TASK DESCRIPTION – As the answer, give exactly the lines of the records below from the one with "Siin Saksa päritolu" through the one with "Pink Full Tilla", ends included and pictures left out.

ENTRIES PROVIDED –
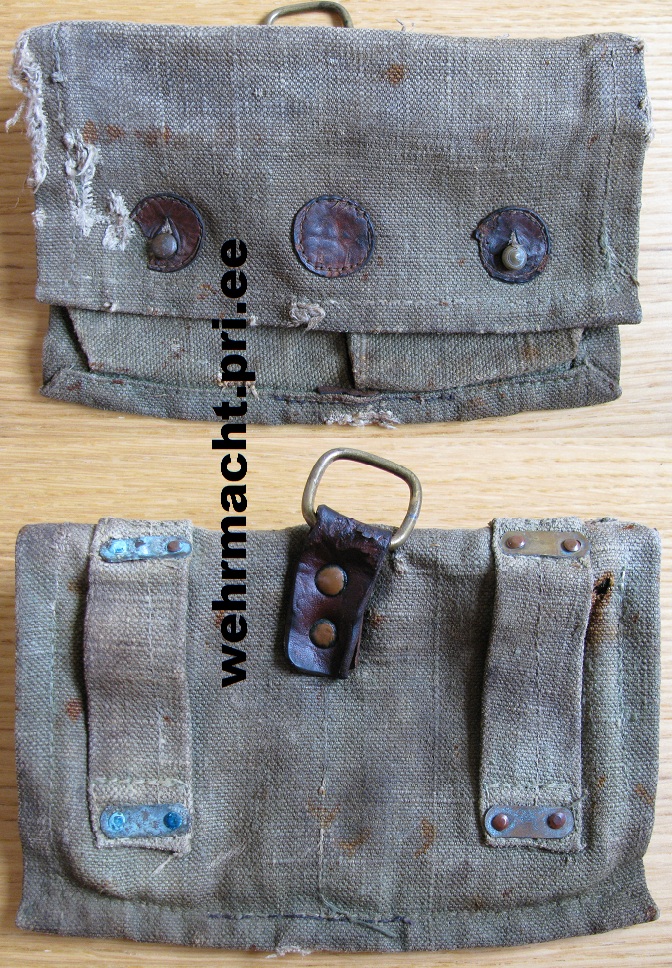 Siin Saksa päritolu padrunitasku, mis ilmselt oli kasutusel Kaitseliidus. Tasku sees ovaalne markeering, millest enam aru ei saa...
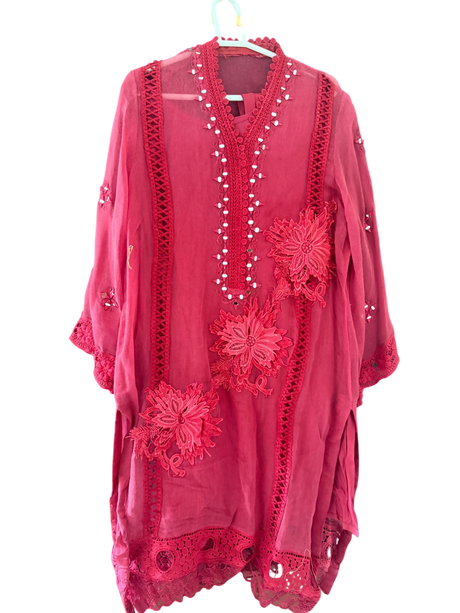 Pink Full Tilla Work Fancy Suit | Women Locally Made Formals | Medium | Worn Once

* * *

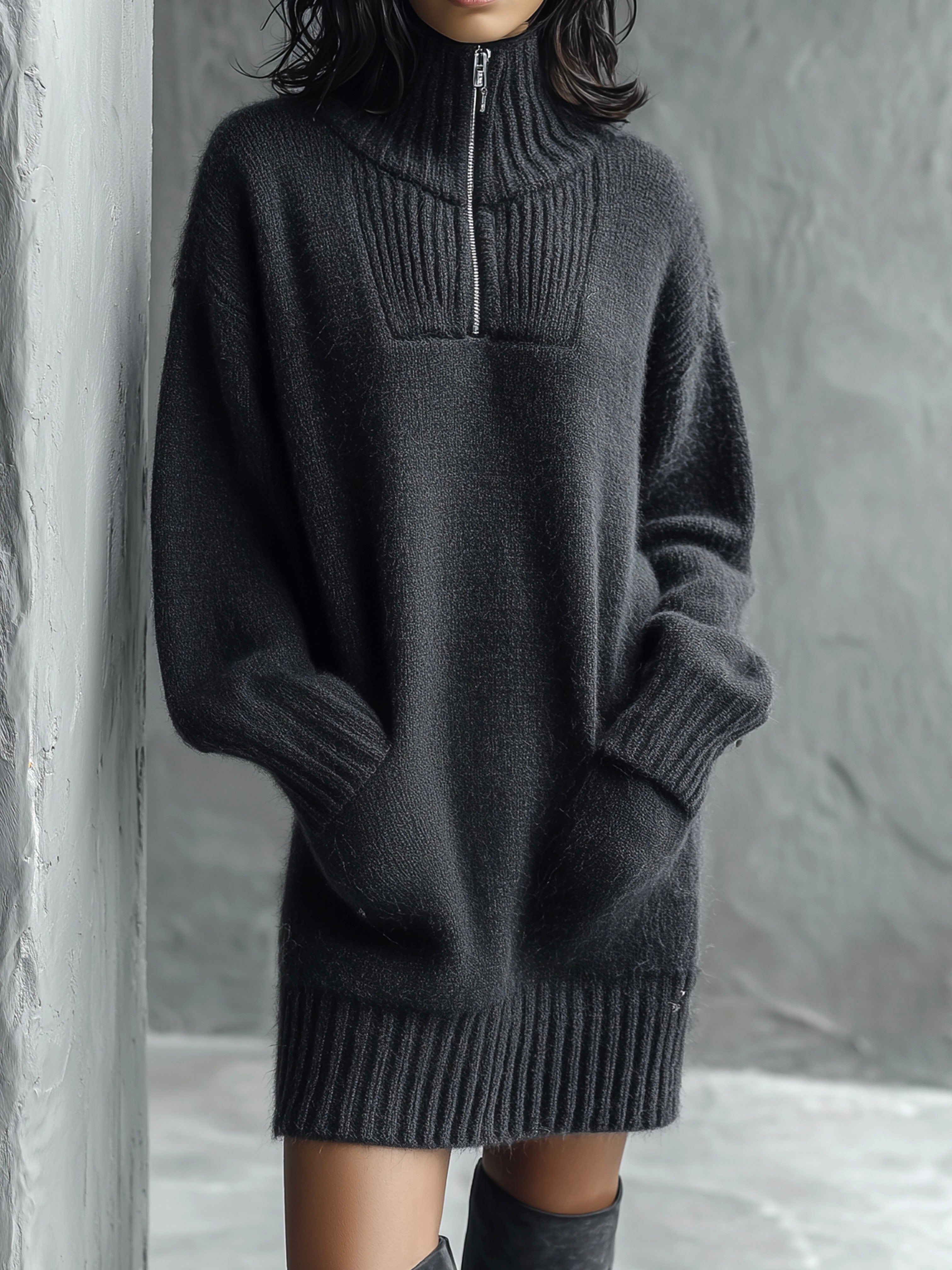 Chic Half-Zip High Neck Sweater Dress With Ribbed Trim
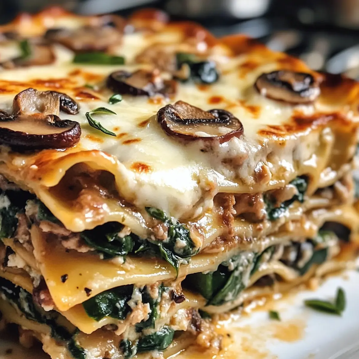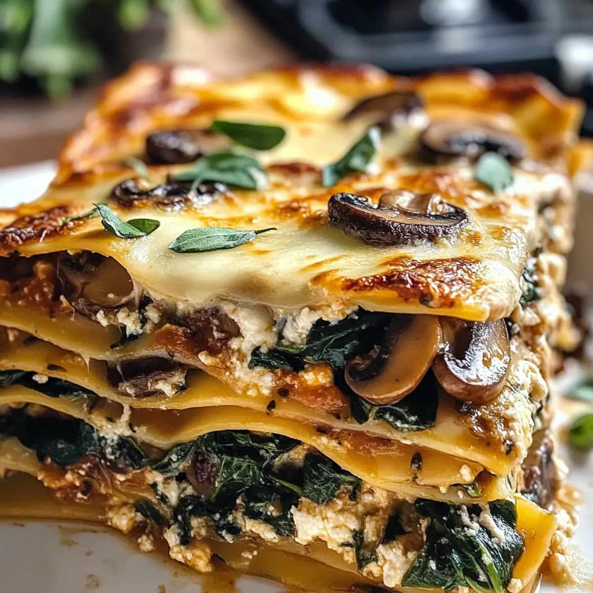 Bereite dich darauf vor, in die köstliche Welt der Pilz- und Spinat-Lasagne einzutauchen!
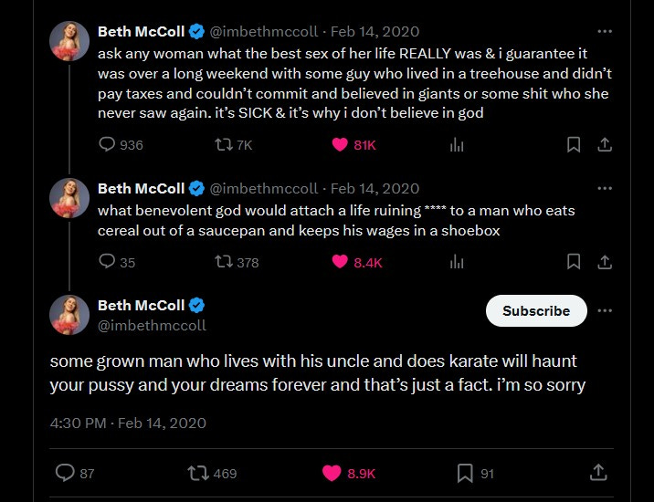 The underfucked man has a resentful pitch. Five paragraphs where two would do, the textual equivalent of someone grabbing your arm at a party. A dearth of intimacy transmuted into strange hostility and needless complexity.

ANSWER SPACE –
 Siin Saksa päritolu padrunitasku, mis ilmselt oli kasutusel Kaitseliidus. Tasku sees ovaalne markeering, millest enam aru ei saa...
 Pink Full Tilla Work Fancy Suit | Women Locally Made Formals | Medium | Worn Once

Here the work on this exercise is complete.